Umm, actually I don't know enough to disagree, but I'll ask some 
questions which probably shows both the assumptions I've made, and might 
help others understand the issue better.

If we enable SCT ERC on every drive that supports it, and we are using 
the drive (only) in a RAID0/linear array then what is the downside? As I 
understand it, the drive will no longer try for > 120sec to recover the 
data stored in the "bad" sector, and instead return an unreadable error 
message in a short amount of time (well below 30 seconds) which means 
the driver will be able to return a read error to the application (or FS 
or MD) and the system as a whole will carry on. If we didn't enable SCT 
ERC, then the entire drive would vanish, (because the timeout wasn't 
changed for the driver) and the current read and every future read/write 
will all fail, and the system will probably crash (well, depending on 
the application, FS layout, etc).

So, IMHO, it seems that by default, every SCT ERC capable drive should 
have this enabled by default. As a part of error recovery (ie, crap that 
really important data stored on those few unreadable sectors) the user 
could manually disable SCT ERC and re-attempt to request the data from 
the drive (eg, during dd_rescue or similar).

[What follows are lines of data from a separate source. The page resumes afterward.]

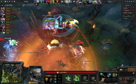 双方肉山一波团战,鱼人跳踩先手,但是尸王的墓碑没有立在高台,很快被飞机开散弹打掉,但是女王的大招在狭小的地形打出了很高的输出,女王三杀,VGP方暗灭圣堂也切掉天辉方的后排,最终双方一波4换4,女王和圣堂存活。
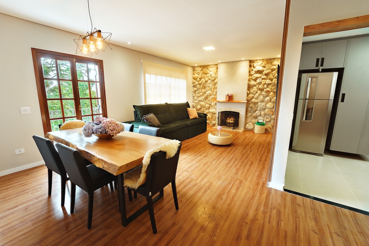Apartamento 100m2 recém reformado, moderno, aconchegante com uma vista privilegiada e uma excelente localização, apenas 7 minutos de carro do Centro Turístico de Campos do Jordao onde encontra os principais bares e restaurantes e a 700mts do Morro do Elefante. Um lugar ideal para descansar e ter contato com a natureza.
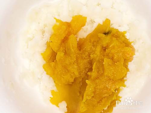 南瓜泥放入山药泥中
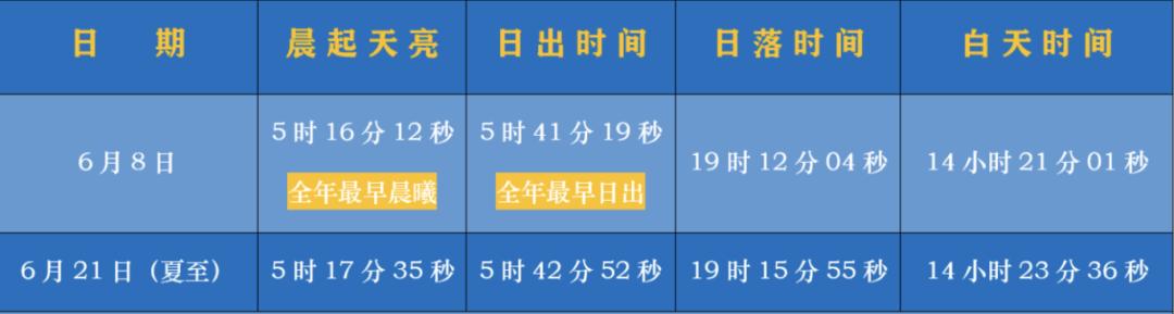 世界各地全年日出最早的日期是因地而异的。在北半球,通常是低纬度(南方)地区比高纬度(北方)地区早一些到来。日出全年最早,在北纬10°地区,出现于5月31日前后;在北纬30°地区,出现于6月12日前后;在北纬50°地区,出现于6月17日前后。如当日天气晴朗
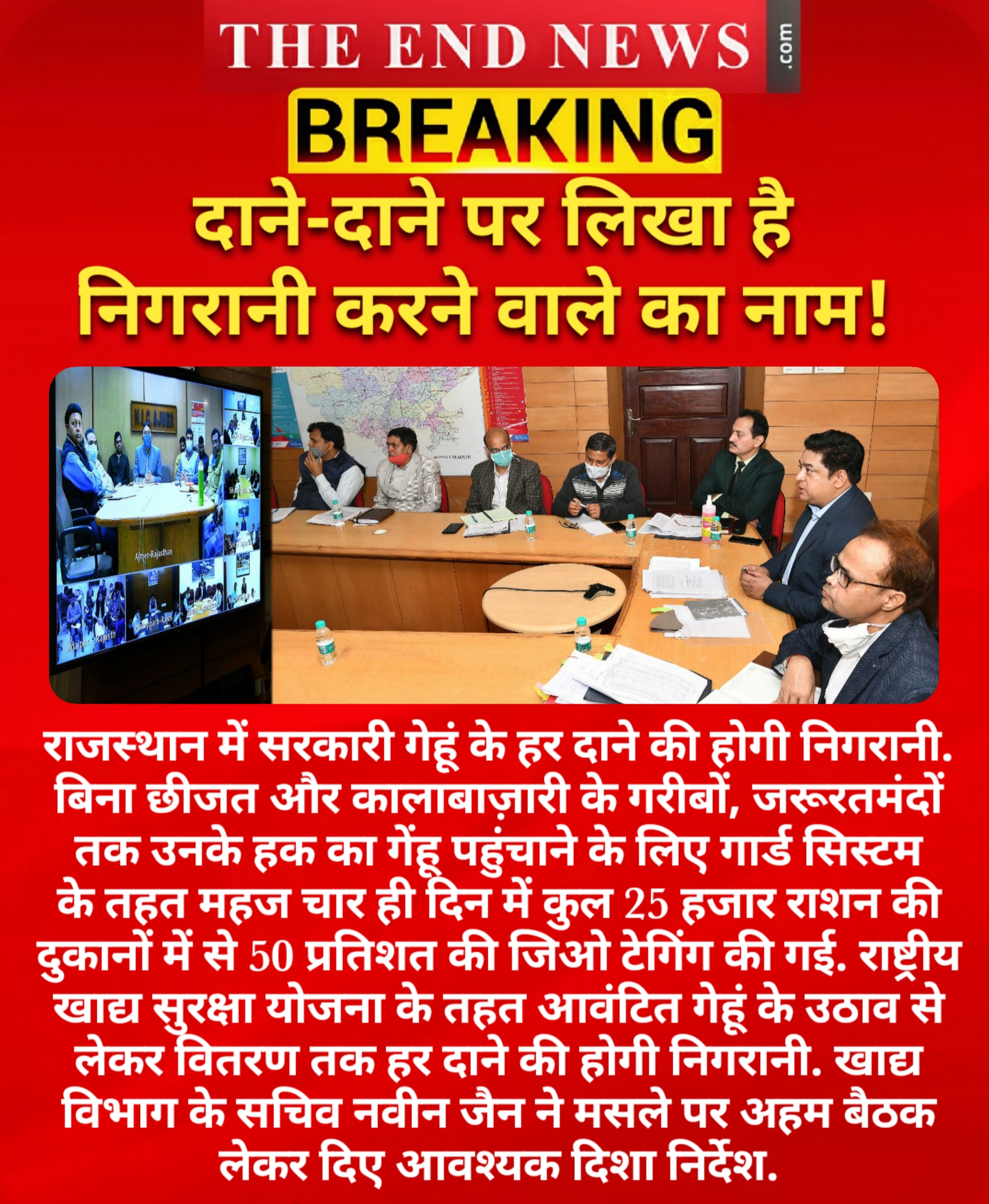 शासन सचिव नवीन जैन ने प्रधानमन्त्री गरीब कल्याण अन्न योजना के तहत आवंटित चना समय पर राशन डीलरों की दुकानों तक नहीं पहुंचाने पर जांच के लिए टीम का गठन किया है. ताकि लापरवाह कार्मिकों पर एक्शन लिया जा सके. इसके अलावा उन्होंने कोविड.19 के समय कराये गये विशेष सर्वे के दौरान चिन्ह्ति जरूरतमंद एवं बेसहारा परिवारों को गेहूं एवं चने का वितरण शीघ्र करवाने के भी निर्देश दिये. इतना ही नहीं जोधपुर, अलवर, डूंगरपुर एवं बांरा जिलों की प्रगति संतोषजनक नहीं पाये जाने पर गहरी नाराजगी व्यक्त की.
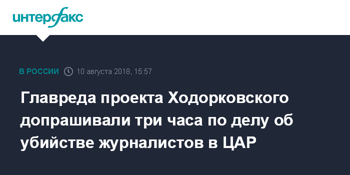 Главреда проекта Ходорковского допрашивали три часа по делу об убийстве журналистов в ЦАР

Secondly, changing the timeout for those drives that don't support SCT 
ERC, again, it is fairly similar to above, we get the error from the 
drive before the timeout, except we will avoid the only possible 
downside above (failing to read a very unlikely but possible to read 
sector). Again, we will avoid dropping the entire drive, even if all 
operations on this drive will stop for a longer period of time, it is 
probably better than stopping permanently.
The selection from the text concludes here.